After having read the conclusion of the systematic review of Bini et al. who recommended to conduct additional trials on the effectiveness of manual therapy in patients with cervicogenic headache [1], we read with interest the study by Kashif et al. [2] who investigated the effect of sustained natural apophyseal glides (SNAGs) in similar patients. Besides the fact that this study is not really original as the experimental protocol is nearly identical to the one of Shin et al. [3], we want to point out that caution should be taken when reading the conclusions of the article by Kashif et al. As motivation, we would like to highlight the following points in particular:

Firstly, analysis of the results section reveals several inconsistencies. Notably, discrepancies are observed in the data concerning the height in centimeters of the participants of both groups (i.e., 5.37 ± 20 and 5.33 ± 0.16, respectively). Additionally, the cervical extension range of motion changed from 32.45^∘ at week 3 to 0.87^∘ at week 4 of the treatment. More concerning is the presence of implausible data in the results section, specifically the entirely identical data, including means and standard deviation, in both groups at baseline and week 1 for the NDI score (i.e., 22.10 ± 7.77).

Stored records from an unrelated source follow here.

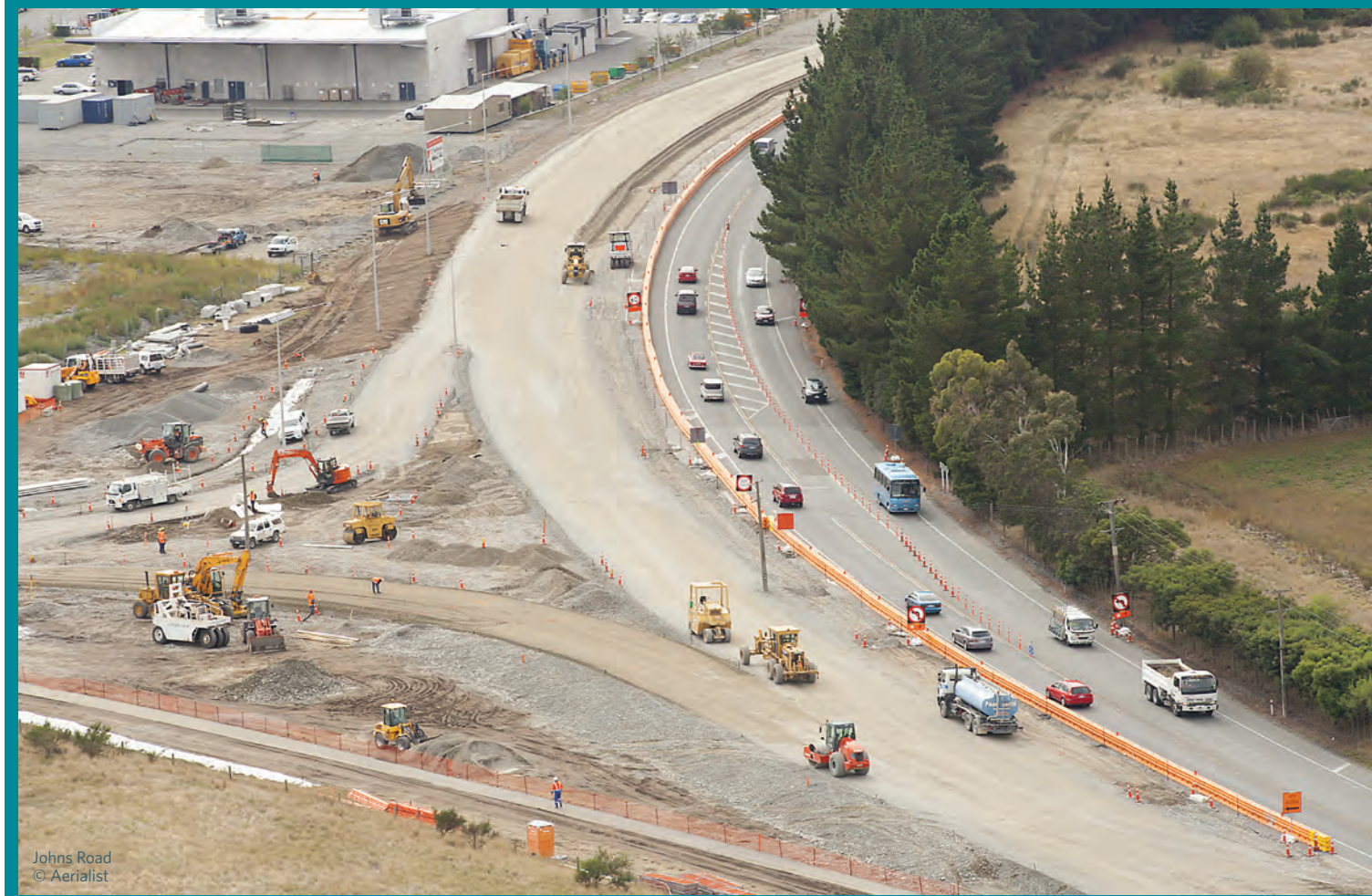
Johns Road
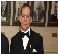
Dr. Charles Lieber
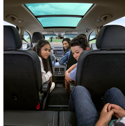
Fuel consumption figures are estimates based on Natural Resources Canada's approved criteria and testing methods. Refer to the EnerGuide 2023 for Natural Resources Canada's estimated fuel consumption figures. Actual fuel consumption will vary based on driving conditions, driver habits and the vehicle's condition, weight carried and additional equipment.

The display isn't the only thing customizable in the Atlas. The R-Line Black Package is the perfect upgrade for those wanting a sportier look. With features such as 20" Trenton black alloy wheels and Brushed stainless steel pedals, the R-Line is as bold as those who drive it. Whether you're sporty, family oriented or anything in between, the Atlas is ready for everything life throws your way. Sometimes, bigger really is better.
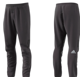
S99696 deliv. 01/17
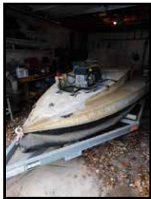
Hovercraft Build Job w/Kohler Pro 23 engine, fiberglass body w/trailer
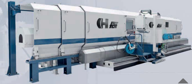
TUR 4MN with full enclosure

The TUR 4MN is a heavy duty 4-guideway lathe designed for highly efficient machining of long and heavy workpieces. This machine can be used for machining of workpieces at length up to 16 m and weight of 80.000 kg.
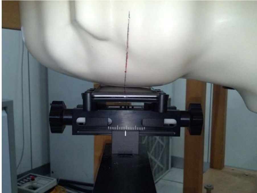
Figure 3: Cheek Position, Front of Head of Phantom
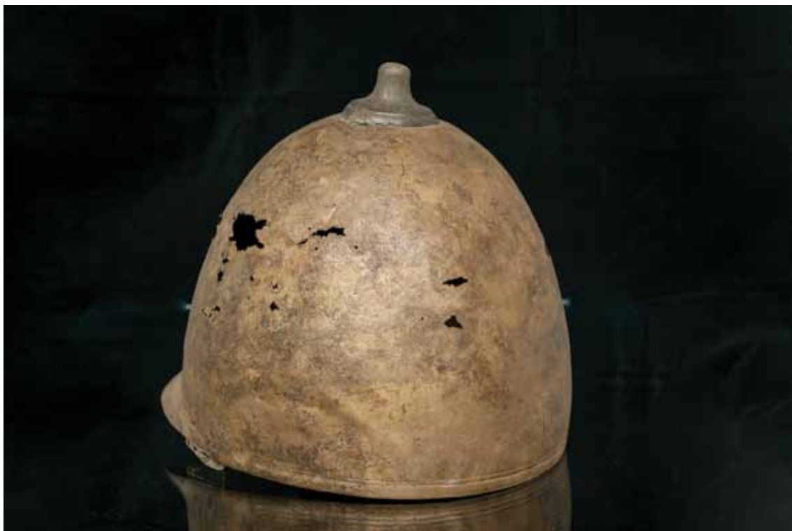
Fig. 5. Helmet from Sisak / Sl. 5. Kaciga iz Siska
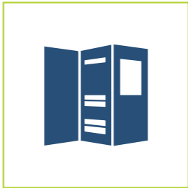
Communication and Information
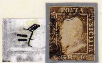
brown rust pos.55 (first state)
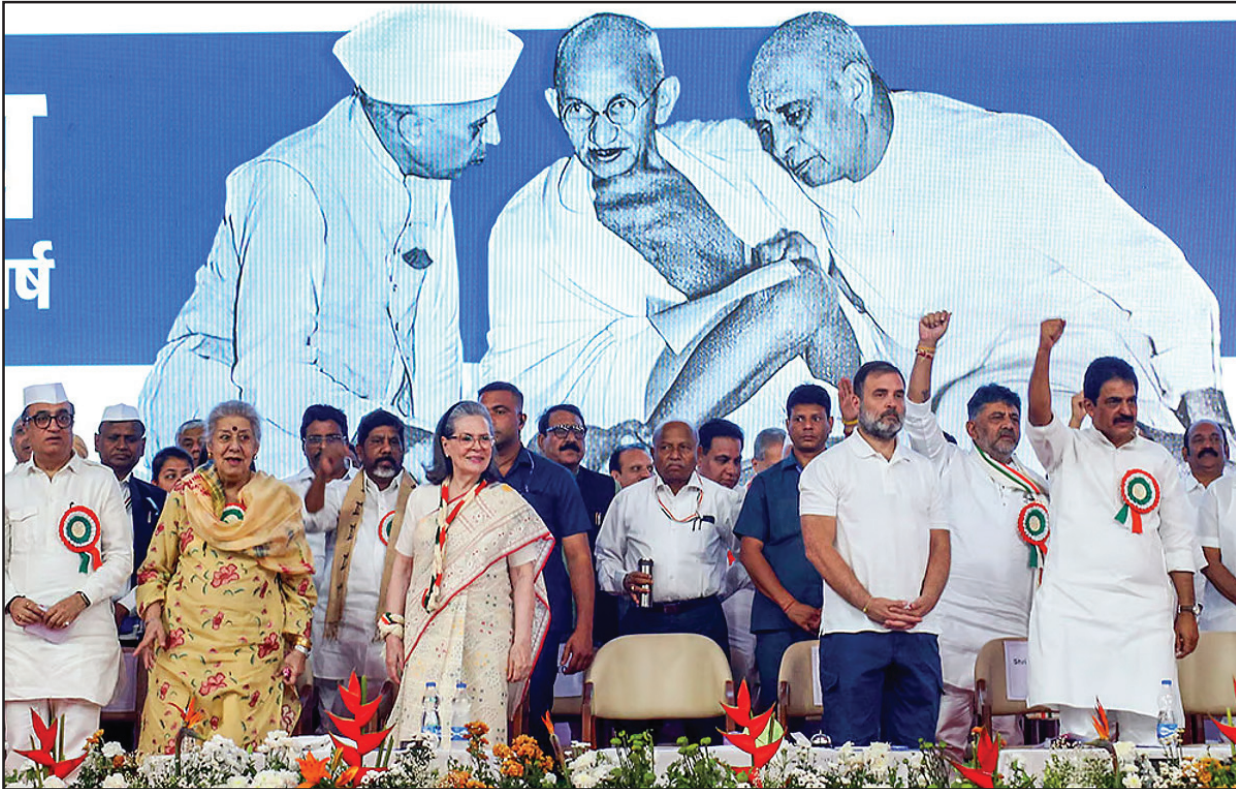
Congress Parliamentary Party Chairperson Sonia Gandhi, LoP in Lok Sabha Rahul Gandhi and other leaders during the All India Congress Committee (AICC) session at the Sabarmati Riverfront Event Centre, in Ahmedabad on Wednesday.

Ahmedabad, April 9 (UNI) : Leader of Opposition in Lok Sabha, Rahul Gandhi, on Wednesday criticised Prime Minister Narendra Modi over the tariffs imposed by US President Donald Trump on Indian imports. Addressing the AICC session here, Gandhi asked, "Where is Modi hiding? Who used to boast about his friendship with Donald Trump?" Moreover, Gandhi also slammed BJP-RSS alleged polarising agenda. He quoted the recent incident in Rajasthan involving the CLP leader Tika Ram Jully's visit to a temple, which was later washed by one of the BJP leaders, because Jully belongs to the Dalit
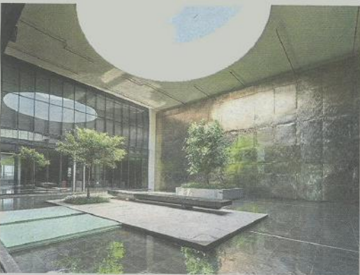
The SP Setia Corporate HQ's Level 8 open-air area.

Secondly, the analysis of the results relies exclusively on the p-value. However, current consensus suggests the utilization of the effect size as the primary metric for interpreting observed changes following a treatment. This preference stems from the limitation of the p-value, which fails to provide information on the magnitude of the effect [4]. Another notable limitation is the absence of an explanation regarding the methodology for calculating the sample size. Furthermore, certain analyses provide confusing results; for instance, the comparison between groups concerning the pre-measurement of VAS produces different p-values results in Tables 1 and 2.

Thirdly, important information is lacking regarding the outcomes. Specifically, a clearly identified primary outcome is not identified. Additionally, the nature of the pain VAS is ambiguous – whether it assesses present pain, average pain over the last 24 hours or 7 days remains unclear. Furthermore, it is uncertain whether the NDI score is expressed in percentage terms. The interpretation of the result (1.4 ± 0.11) for the question “Does your headache aggravate with physical activity” is also unclear. Moreover, the provided information regarding the clinimetric properties of the assessment tools is incomplete and inadequate. For example, the VAS tool used in the present study is reported to have an excellent intra-rater and inter-rater reliability (r= 0,99 and r= 1) based on the study of Wagner et al. [5] who focused on acute mountain sickness. The use of a numeric rating scale, which has been tested in such patients, would have been more appropriate [6].

Considering these substantial limitations, we find the conclusions drawn in this article to be potentially misleading.